Quanto abbiamo detto non significa abdicare ad un relativismo totalizzante che disperda nella
varietà delle forme il senso dei saperi. Bensì che questo “senso”, riconducibile alla loro vocazione
epistemica e al fondamento logico del loro progetto conoscitivo, può trovare espressione in diverse
forme, pur non coincidendo identicamente con nessuna di esse. È vero, tuttavia, che queste forme,
definite pragmaticamente entro il sistema delle relazioni tra gruppi sociali, sono visibili solo
assumendo un punto di vista “esterno” al sistema, cioè guardando ai saperi come a fenomeni
estrinseci ai pensieri e alle azioni individuali e collettive che li determinano. In altre parole,
volgendo lo sguardo dai processi di significazione che hanno luogo all’interno dei gruppi sociali, ai
loro prodotti. Da questo punto di vista, i saperi si configurano, anziché come insiemi difformi (o in-
formali) di conoscenze, come sistemi organizzati (in modo più o meno formale)1 di queste. Non
solo. Questo spostamento di prospettiva, dall’interno all’esterno di tali processi, non è
semplicemente “un modo di vedere le cose”, ma un decentramento necessario ai fini della
trasmissione intenzionale dei saperi. Ciò è vero tanto per le comunità scientifiche, le quali per
produrre conoscenza devono scambiarsi informazioni, idee e teorie, quanto per le istituzioni
formative, le quali per assolvere al proprio compito di trasmissione culturale devono operare scelte,
elaborare giudizi e compiere valutazioni. Dunque, le forme dei saperi si costruiscono all’interno del
processo culturale e sono diverse a seconda degli scopi, delle modalità e dei destinatari della
trasmissione.

3.1.1. Forme scientifiche e forme didattiche dei saperi

In base a quanto abbiamo detto, potremmo distinguere tra forme scientifiche e forme didattiche
dei saperi. Le prime si danno all’interno delle comunità scientifiche e corrispondono a modalità di
strutturazione formale della disciplina. Le seconde, invece, si danno all’interno delle istituzioni
formative (nella scuola, da quella di base all’università in cui la forma didattica è quella più
prossima alla forma scientifica, ma anche, per esempio, nei musei) e corrispondono a modalità di
trasposizione didattica2 della disciplina. Più precisamente, dato che tali modalità non sono né

1
Sulla dialettica formale/informale riferita ai saperi scolastici si veda: Asor Rosa A. (1994), “Formale, informale”, in: Vertecchi B. (a
cura di), Formazione e curricolo, Firenze, La Nuova Italia, pp. 17-26.
2
Questo concetto, elaborato nell’àmbito delle Didattiche disciplinari e in particolare della Didattica della matematica da Yves
Chevallard, concerne la possibilità di stabilire relazioni opportune tra sapere esperto (savoir savant), sapere da insegnare (savoir à
univoche né definitive, la trasposizione didattica corrisponde alla formazione della forma didattica
dei saperi in rapporto alla loro forma scientifica.

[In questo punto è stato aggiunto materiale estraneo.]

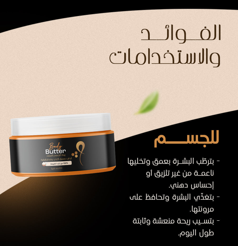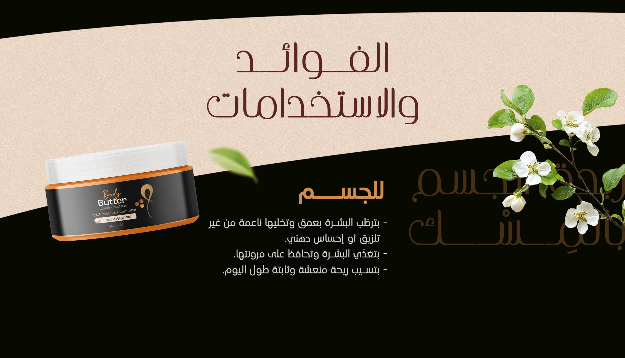 زبدة الجسم مش بس بترطّب سطح الجلد، دي كمان بتوصل للطبقات الداخلية وبترطبها بعمق، فبالتالي البشرة تفضل طرية وناعمة لفترة أطول. بتساعد على تقليل مظهر القشور والجفاف اللي بيظهر خصوصًا في الشتاء، وبتعالج التشققات اللي ممكن تبان في الكعبين أو الركب. كمان مع الاستعمال المستمر، زبدة الجسم بتخلي الجلد مرن وأقل عرضة إنه يتشقق أو يظهر فيه خطوط وعلامات التمدد.
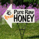 Bold typography yard sign reading "local Pure raw Honey" with arrow and cute bee
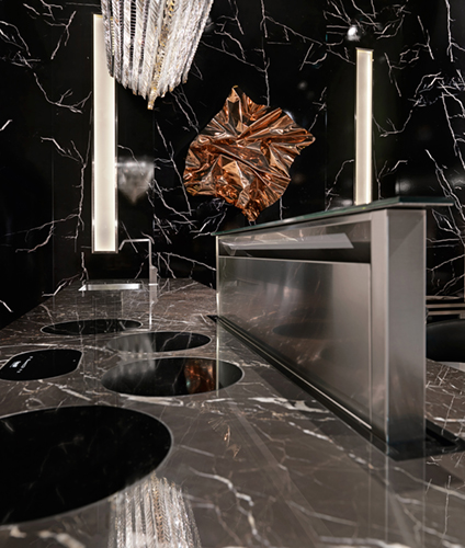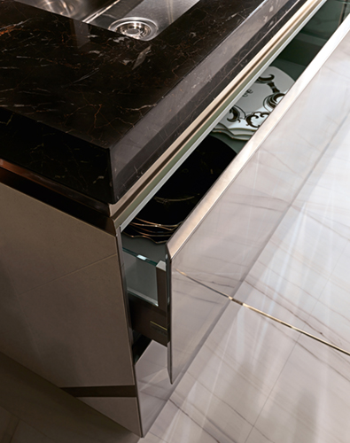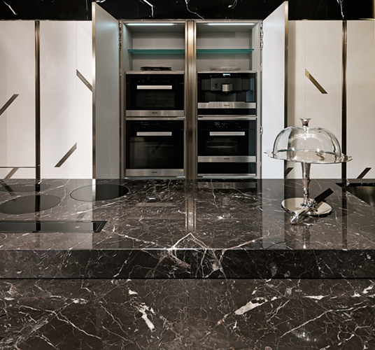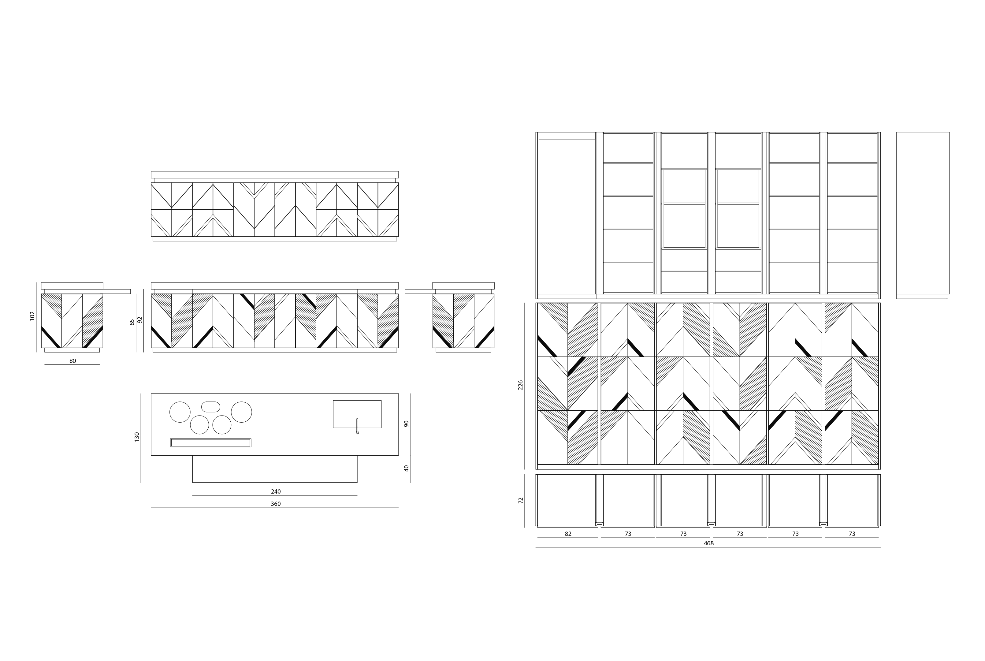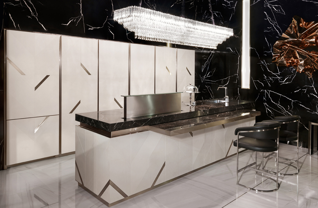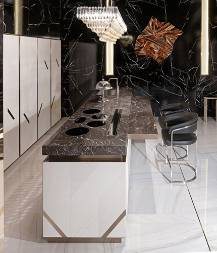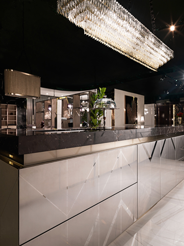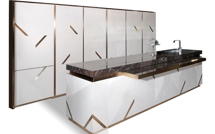 Остров с закусочной, 6-колонный настенный блок. Каркас из высокопрочной меламиновой древесно-стружечной плиты толщиной 19 мм; спинки из того же материала толщиной 10 мм; цвет - слоновая кость. Внутренние полки из матового безопасного стекла толщиной 10 мм.
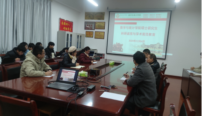 (数与统计学院 通讯员 王华丽)为加强科研诚信建设,优化科研诚信环境,弘扬科学家精神,进一步规范我院研究生学术行为,2024年12月4日,数学与统计学院在学院会议室开展研究生科研诚信与学术规范教育活动。学院院长丁凌、副院长张敏捷、唐波、全体硕士生导师及硕士研究生参加了活动。此次活动由副院长张敏捷主持。
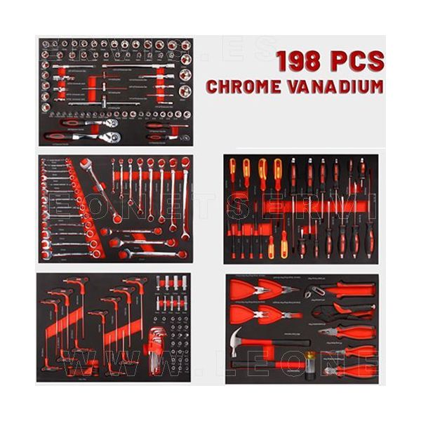 Carro de herramientas profesional con 7 cajones y 198 herramientas
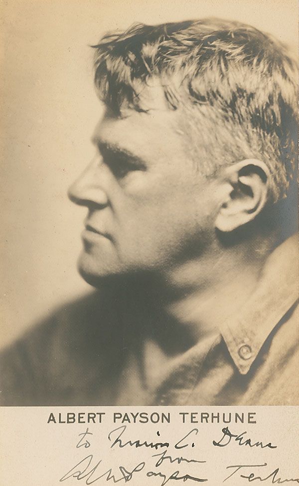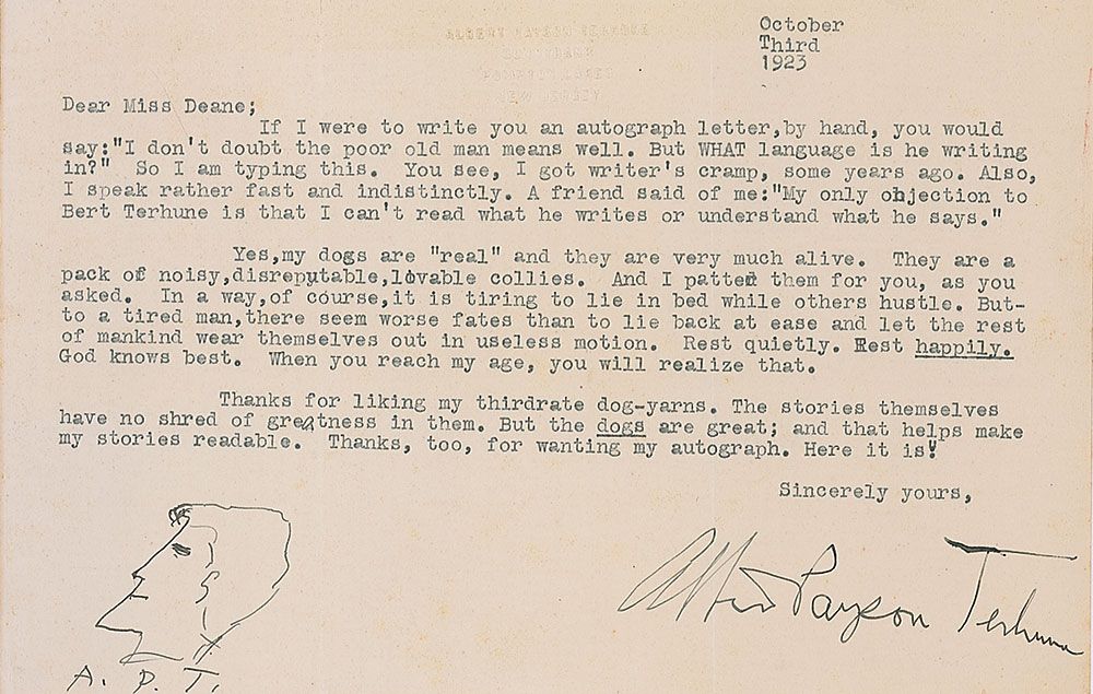 Author and dog breeder (1872–1942). TLS, one page, 9 x 5.75, personal letterhead, October 3, 1923. Letter to an admirer reads, in part, “Yes, my dogs are ‘real’ and they are very much alive. They are a pack of noisy, disreputable, lovable collies. And I patted them for you, as you asked…Thanks for liking my thirdrate dog-yarns. The stories themselves have no shred of greatness in them. But the dogs are great; and that helps make my stories readable. Thanks, too, for wanting my autograph.” In the lower left corner, Terhune has added a nice profile self-portrait sketch, adding his initials underneath; and a vintage 3.25 x 5.25 postcard photo, signed and inscribed in the lower border in fountain pen. In fine condition.
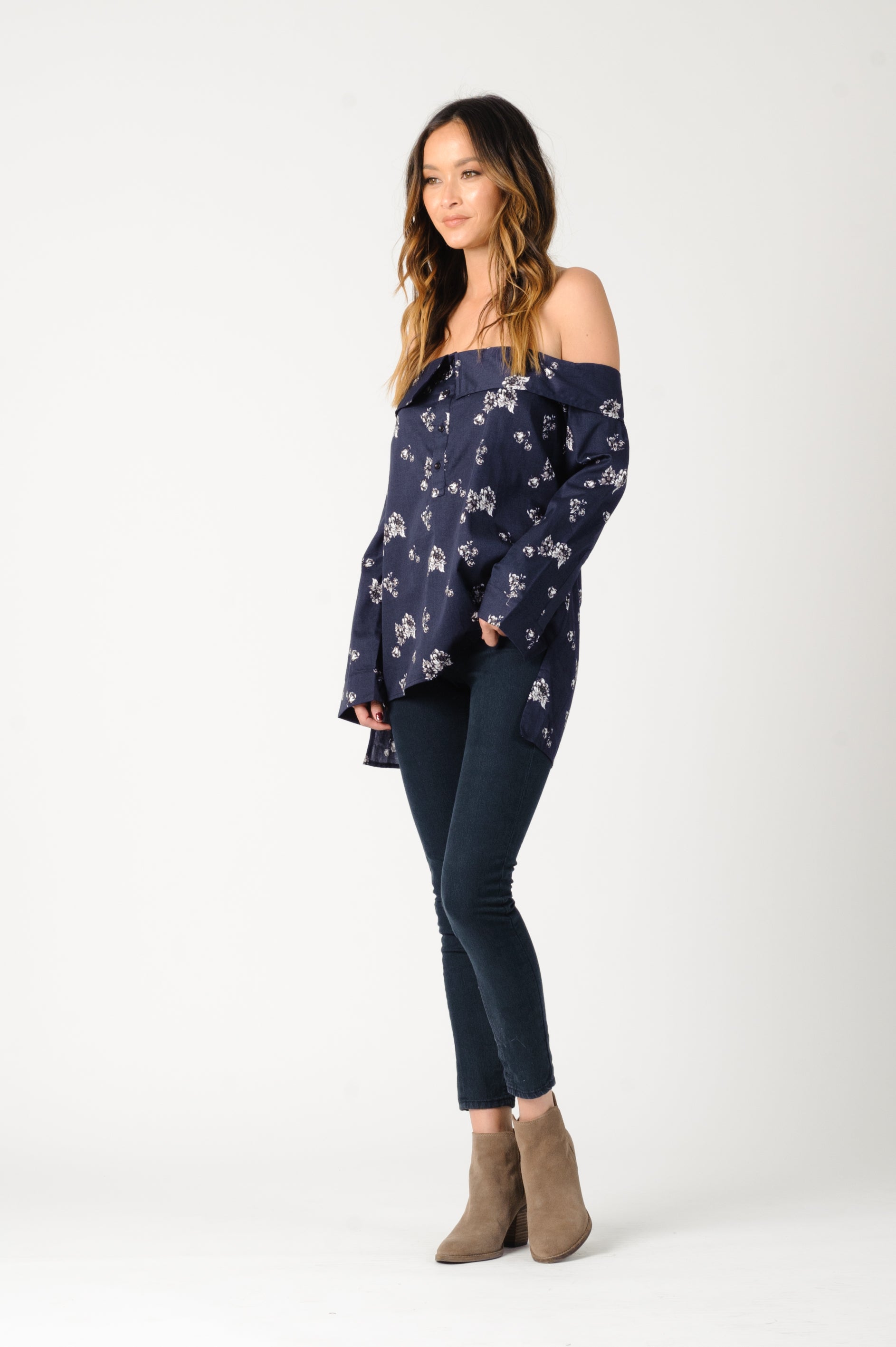 CHARLOTTE OFF SHOULDER TOP-NAVY FLORAL
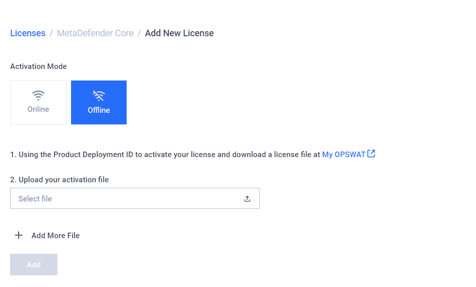 Please note that only My OPSWAT On-premises can use the offline activation mode.

Osserviamo che il termine “trasposizione”, caro ai modelli didattici disciplinari, a differenza di


altre espressioni semanticamente vicine, come “traduzione”, “traslocazione” o, anche, “traslazione”,
allude metaforicamente al “situare altrove”, cioè ad uno “spostamento non rettilineo” in
conseguenza del quale il sapere “cambia” alcune caratteristiche o, appunto, la sua “forma” (non a
caso lo stesso termine è usato per indicare lo spostamento di atomi in una molecola in conseguenza
del quale si ottiene una sostanza di caratteristiche differenti). Inoltre, in base a quello che abbiamo
detto fin qui, la trasposizione didattica si compie almeno a due livelli: nell’intreccio di relazioni
sociali e culturali che il sistema formativo intrattiene con i propri sottosistemi e con il mondo
esterno; e nelle situazioni concrete della pratica didattica. Le elaborazioni dei programmi scolastici,
il lavoro delle associazioni disciplinari, le sperimentazioni didattiche, per esempio, si situano al
primo livello, mentre la elaborazione di unità di apprendimento, la scelta delle strategie didattiche o
dei materiali si situano al secondo livello. Benché distinti, i due livelli sono assolutamente
interdipendenti e convergono verso un repertorio di scelte ampio e articolato su che cosa insegnare,
come e, non ultimo, a che scopo.
Si tratta, dunque, di un repertorio di scelte che in quanto inscritto nel quadro di una intenzionalità
trasmissiva e formativa è sospeso tra istanze epistemologiche e istanze pedagogiche (sia individuali,
sia sociali).3
Le prime vincolano la trasposizione didattica agli statuti disciplinari, ossia alle coordinate
teoriche e metodologiche che strutturano ciascuna disciplina come corpus organico e coerente di
conoscenze. In altri termini, esse riflettono l’esigenza di una sostanziale aderenza a quelle che
abbiamo definito le forme scientifiche dei saperi. Le seconde, invece, vincolano la trasposizione
didattica a criteri di accessibilità e di attualizzazione della disciplina. Ossia, esse riflettono
l’esigenza di aderenza alla realtà. Realtà individuale, attraverso l’adeguamento delle forme
didattiche alle caratteristiche dei destinatari della trasmissione e realtà sociale, attraverso la ricerca
di forme di mediazione tra cultura della scuola, cultura dell’extrascuola e cultura dell’allievo.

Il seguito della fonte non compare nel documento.